Leigh Conner, and eighth-grade teacher at Unity Prep Middle School in Bedford-Stuyvesant, told the Brooklyn Eagle, “Our eighth-grade students just finished a month-long unit on gun violence and gun control and felt especially passionate about joining the National Walkout.” Conner added, “Students and teachers have the right to teach and learn in an environment free from the worry of being gunned down in their classrooms or on their way home from school.”

Connor said that given the school’s mission of “empowering students as both scholars and citizens, it was important for us to give the students this opportunity to speak up for themselves and have this opportunity to be leaders for a cause they value.”

Students from Packer Collegiate Institute and other private schools in the Downtown area will gather in Columbus Park at Borough Hall to speak out on gun violence and what they can do to change government policies.

“We, the students of The Packer Collegiate Institute, have decided that this moment is too crucial and this issue too urgent to stand idly by,” organizers, including Aliana Acevedo, Drew Myers, Sarah DeSouza and Savannah Phillips-Falk, said in a statement last Monday.
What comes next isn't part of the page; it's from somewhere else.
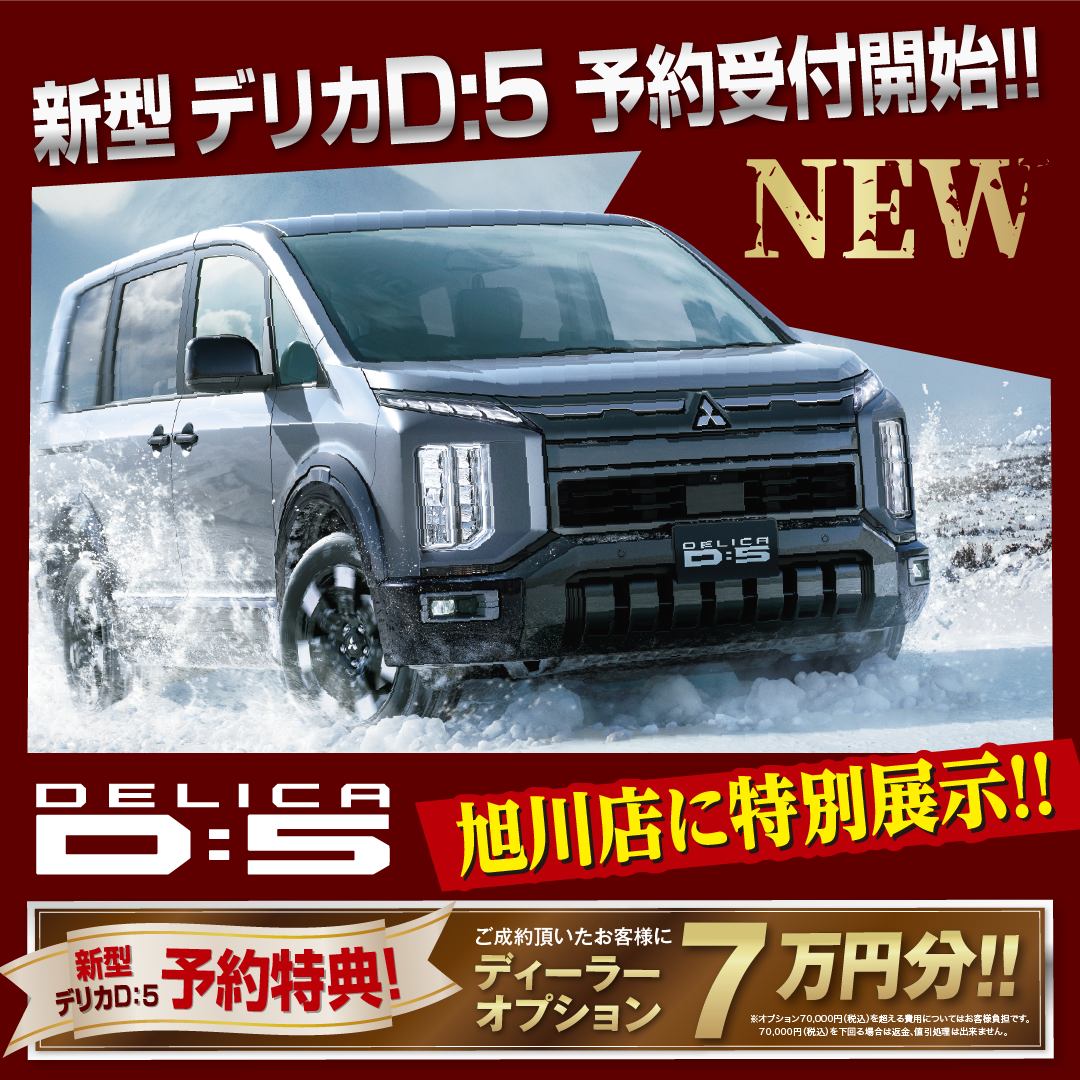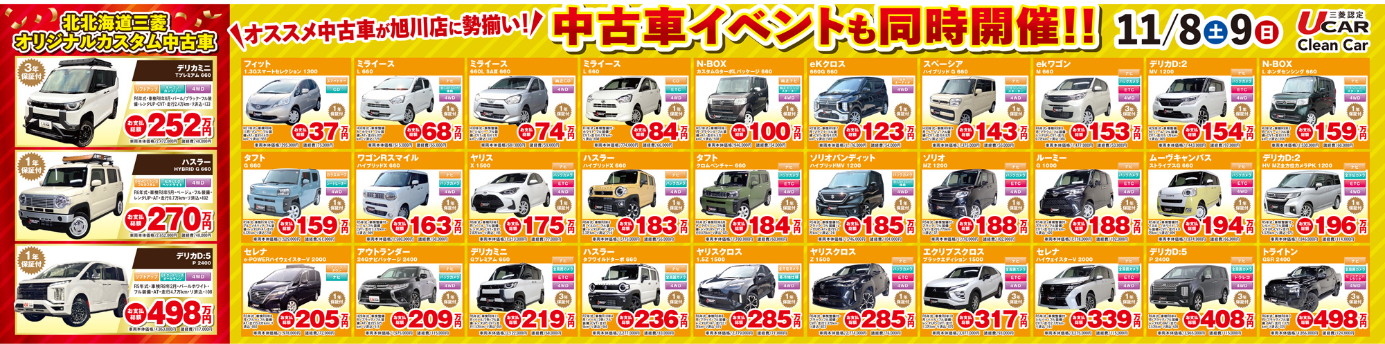 北北海道三菱編集局11/8(土)・9(日) 秋のBIGフェア開催 イベント 202511 /03 旭川店を特設会場として秋のBIGフェアを開催!11/8(土)・9(日)は旭川店へGo! ご来店・ご成約プレゼントをご用意! さらにイベント盛り沢山! その1 キッチンカーがやってくる! その2 アウトドア系カスタムカーが大集合! その3 新型デリカD5を特別展示! 中古車イベントも同時開催!! オススメ中古車が旭川店に勢揃い! 2025.09.01 9/6(土)7(日)の2日間『決算BIGFAIR』開催 9/6(土)、7(日)の2日間、半期に一度の大勝負!! 決算BIGFAIRを開催いたします。 豪華なご成約プレゼント、ご来店プレゼントをご用意して、お待ちしております! ... 2025.08.23 新型デリカミニ 2025年秋デビュー 「デリカミニ」が2025年、秋にさらなる進化を遂げ、ニューモデルとして生まれ変わる!新型デリカミニの進化のポイントや予約注文特典の情報などをご紹介。 ... 2025.08.01 中古車ご成約で5万円分オプションプレゼント プレゼント内容 2025年8月1日〜9月24日の期間中に中古車をご成約いただくと、オプション5万円(消費税込)以上ご注文の場合、5万円(消費税込)をお値引き致します。取付工賃は別途申し受けます。 ... 2025.08.01 夏季休業のお知らせ 夏季休業のお知らせ 毎々格別のお引き立てを賜わり厚くお礼申し上げます。 お客さま各位にはご不便をおかけいたしますが、誠に勝手ながら、下記期間中は夏季休業とさせていただきますので、ご了承のほど何卒よろし... More

The students stress they will be walking out “for all people who have experienced gun violence, including systemic forms of gun violence that disproportionately impact teens in black and brown communities.” Gun violence includes “the impact of police brutality and militarized policing,” the Packer students said.

As of Friday, schools participating in the #Enough National School Walkout include:

P.S. 8 (Robert Fulton) School, Brooklyn Technical High School, M.S. 51 William Alexander Middle School, P.S. 282 Park Slope, Urban Assembly School of Business for Young Women, P.S. 321 William Penn School, Millennium Brooklyn High School, Brooklyn Urban Garden Charter School, Homeschool community at Brooklyn Apple Academy, Unity Preparatory Middle and High School, Sunset Park Prep (M.S. 821), Brooklyn Emerging Leaders Academy, Brooklyn Prospect Charter School, M.S. 839, Crispus Atuucks Elementary School P.S.21, High School for Public Service: Heroes of Tomorrow, Brooklyn College, Midwood High School, Edward R. Murrow High School, Brooklyn School of Inquiry, Packer Collegiate Institute, Brooklyn Law School and others.

More than 50 schools across the city are participating in the National Walkout. High schoolers have also announced plans for an “Evening of Action,” where youth will lobby officials and the private sector, hear from political leaders and activists, and strategize about sustaining the student-led gun movement. The event, organized by the student group Coalition Z, takes place from 5:30 – 7:30 p.m. at the Quakers’ 15th Street Meetinghouse.